Religious Beliefs as a Basis for Ethical Decision Making in the Workplace

by Kenneth Bond, Ph.D 
Professor of Business Administration 
Humboldt State University 
Arcata, CA 95521 
kmb2@axe.humboldt.edu
© 1998, Ken Bond

The relationship between religious beliefs and ethical decision making in business environments is an interesting one. While there are numerous ways in which one might attack this particular issue, the current analysis will be subdivided into two distinct areas. The first major proportion of the analysis will look at the areas in which ALL major religious traditions have COMMON themes which impact ethical decision making. The second portion of the paper will sketch some of the areas in which various religious traditions treat ethical decision making in business DIFFERENTLY.

Common Themes to ALL Major Religious Traditions

Survey after survey of senior business executives show that in one way or another, many use some variant of the 'golden rule' as their bench-mark for ethical decision making [when J.C. Penny started his stores, they were in fact called the 'Golden Rule Store']. While there is adequate discussion of the weakness of the 'golden rule' as an ethical decision making model in numerous sources, the current discussion will focus on the simple fact of commonality of the model, not the pros and cons of the model. As a single rule, non-consequential model for ethical decision making, the 'golden rule' is found in most major religious traditions. As an indication of the breath of this universalism within religious traditions, the following set of translations is offered:
 

The Golden Rule (Religions of the World)

Good People proceed while considering that what is best for others is best for themselves (Hitopadesa, Hinduism)

Thou shall love they neighbor as thyself  (Leviticus 19:18, Judaism)

Do to others whatever you would have them do to you. This is the law and the prophets. (Matthew 7:12, Christianity)

Hurt not others with that which pains yourself (Udanavarga 5:18, Buddhism)

What you do not want done to yourself, do not do to others (Analects, Confucianism)

No one of you is a believer until he loves for his brother what he loves for himself (Traditions, Islam)
 

(Please note: my apologies to anyone who might find the particular translation of any of the listed statements to be different than the source they might have in mind.

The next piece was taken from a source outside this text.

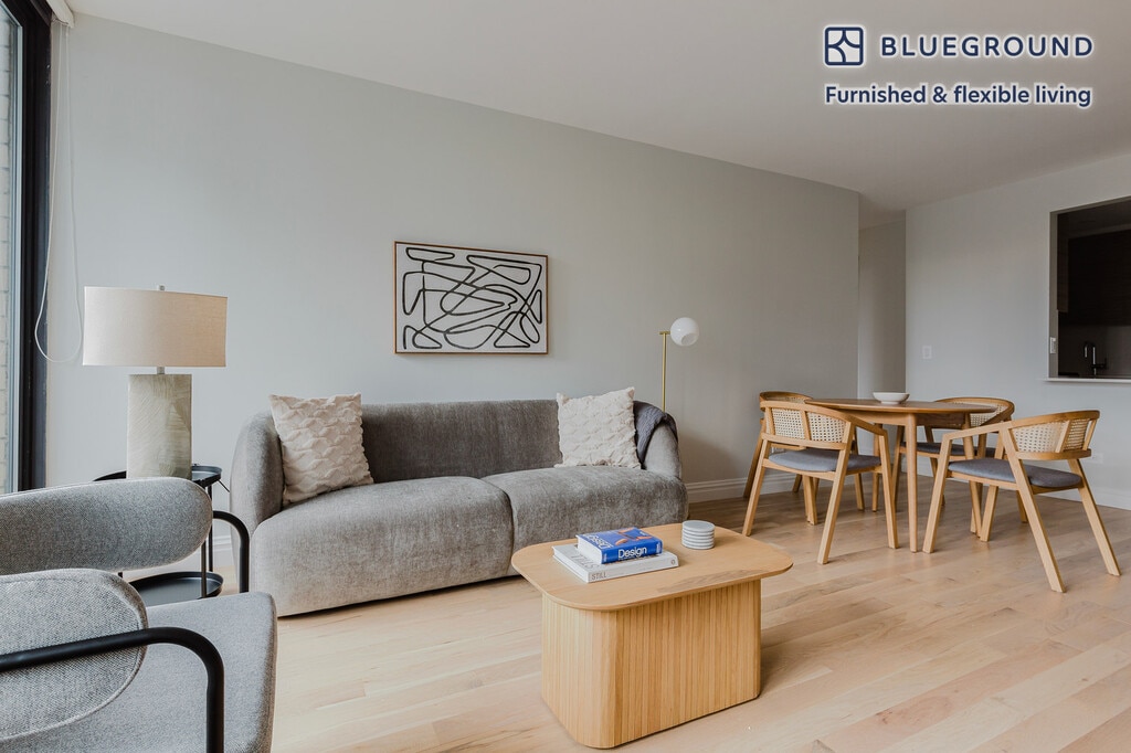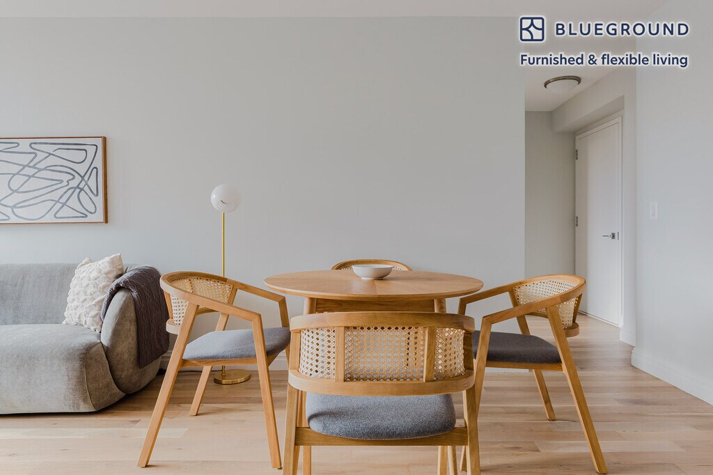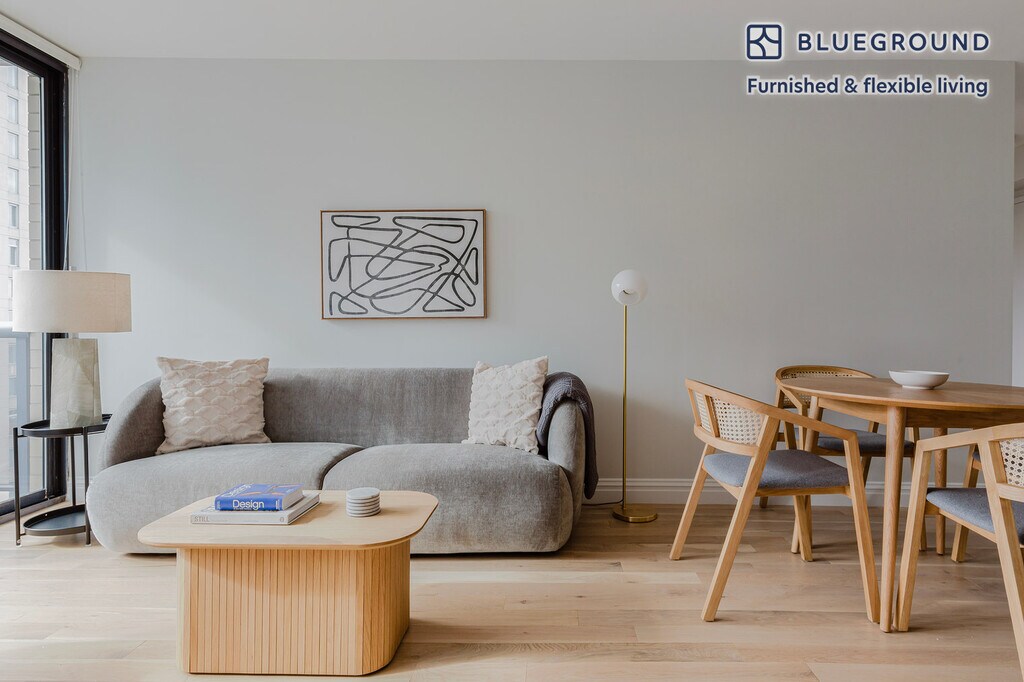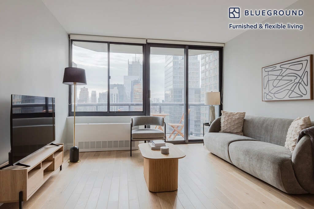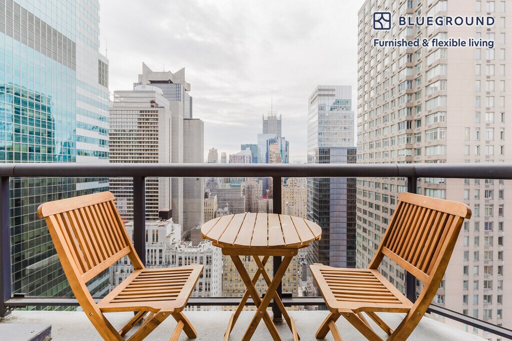 Discover the best of New York, with this two bedroom apartment in Theater District with balcony views over the city. It’ll be easy to simply show up and start living in this elegantly furnished apartment with its fully equipped kitchen, charming living room, and our dedicated, on-the-ground support. (ID #NYC1627) The advertised rate of $5,020/month is the lowest available price, based on a 1 month(s) and 17 day(s) stay with a move-in date of December 19, 2025. If you’re looking for a 1-year stay, the rate is $7,250/month. Rates vary depending on the duration of stay, season, and other parameters. For exact pricing and additional pricing components, please visit our website and enter your desired move-in and move-out dates. The rate is applicable when billed upfront; it can be higher if billed in multiple payments. Brokers are welcome to reach out. Were you looking for an unfurnished lease? Try Blueground instead and upgrade from unfurnished to furnished living: - Furnished at rates comparable to unfurnished - No setup or furniture costs - save thousands - Move-in ready - save time, just bring your suitcase Designed with you in mind Thoughtfully designed with bespoke finishes, modern furnishings, and a fully equipped kitchen, you’ll enjoy that “I’m home” feeling with this Blueground apartment. Whether you’re lounging in your spacious living room streaming the latest and greatest entertainment on the smart TV or premium wireless speaker, or getting some well-earned rest on the superior quality mattress with luxury linens, you’ll fall in love with everything this Theater District apartment has to offer. This apartment also offers in-apartment laundry. Sleeping arrangements King Bed, 70.8in/180cm Queen Bed, 63in/160cm Amenities Building amenities unique to this two bedroom apartment include an on-site: - Doorman - Dryer - Elevator - Washing machine - Lounge - Pets allowed Arrival and ongoing support The entire apartment is yours to enjoy! Throughout your stay, you’ll have access to our Client Experience team through the Blueground App. You can schedule additional cleanings, submit maintenance requests, and view our neighborhood recommendations with just a few taps. We’ll share all details upon confirmation of your stay. Other things to note Building amenities may have an extra cost. This Blueground apartment has flexible lease options, allowing you to book it for one month, a year, or more. Pets are welcome, though weight limits and breed restrictions apply and may incur fees. Brokes CYOF. We take great pride in ensuring every photo displayed is shot in our own units with our actual furnishings. That said, we regularly refresh our decor and furniture arrangement, which may differ from what’s pictured. Also note - Other apartments in this building are undergoing renovations, and you may hear construction noise inside your apartment from time to time

My only point in this particular set of translations is to show the general "common-ness" of the idea of fair/just treatment of others called for in most religious traditions.)

It should be noted that the above statements of "fair exchange" can be found outside of any particular religious setting. A common, "human" sense of justice frequently will deal with behaviorial comparisons. Much of the fundamental beginning of ethical decision making starts from a neutral basis and proposes the hypothetical question of "... if A does something to B, what should B do to A in response to maintain a fair (just) exchange?"

As a non-religious baseline of "fair exchange," one might go back and review the Code of Hammurabi (1780 BC). I used a translation by L.W. King with Commentary by Charles F. Horne (1915). My version was a 1996 electronically enhanced version of the 1910 Encyclopedia Britannica. It should be noted that the code begins and ends with addresses to the gods. Even a law code was in those days regarded as a subject OF prayer, though the prayers here are chiefly cursing of whoever shall neglect or destroy the law. Hammurabi's code was not really the earliest. The preceding sets of laws have disappeared, but traces of them, and Hammurabi's own code clearly implies their existence. Hammurabi, however, is clearly among the oldest for which we have a fairly complete enumeration.

It is clear that, among others, Judaism, Christianity, and Islam all knew of the Babylonian law and incorporated portions of it into their custom/traditions. The code then regulates in clear and definite strokes the organization of society. the judge who blunders in a law case is to be expelled from his judgeship forever, and heavily fined. The witness who testifies falsely is to be slain. Indeed, all the heavier crimes are made punishable with death. Most are familiar with some of the more frequently quoted laws such as:

Law #196: An eye for an eye
Law #200: A tooth for a tooth

But beyond these better known illustrations, there are interesting social contracts as well. Not every act by someone needs compensation. For example:

Law #266: If the animal be killed in a stable by God (an accident), or if a lion kill it, the herdsman shall declare his innocence before God, and the owner bears the accident in the stable.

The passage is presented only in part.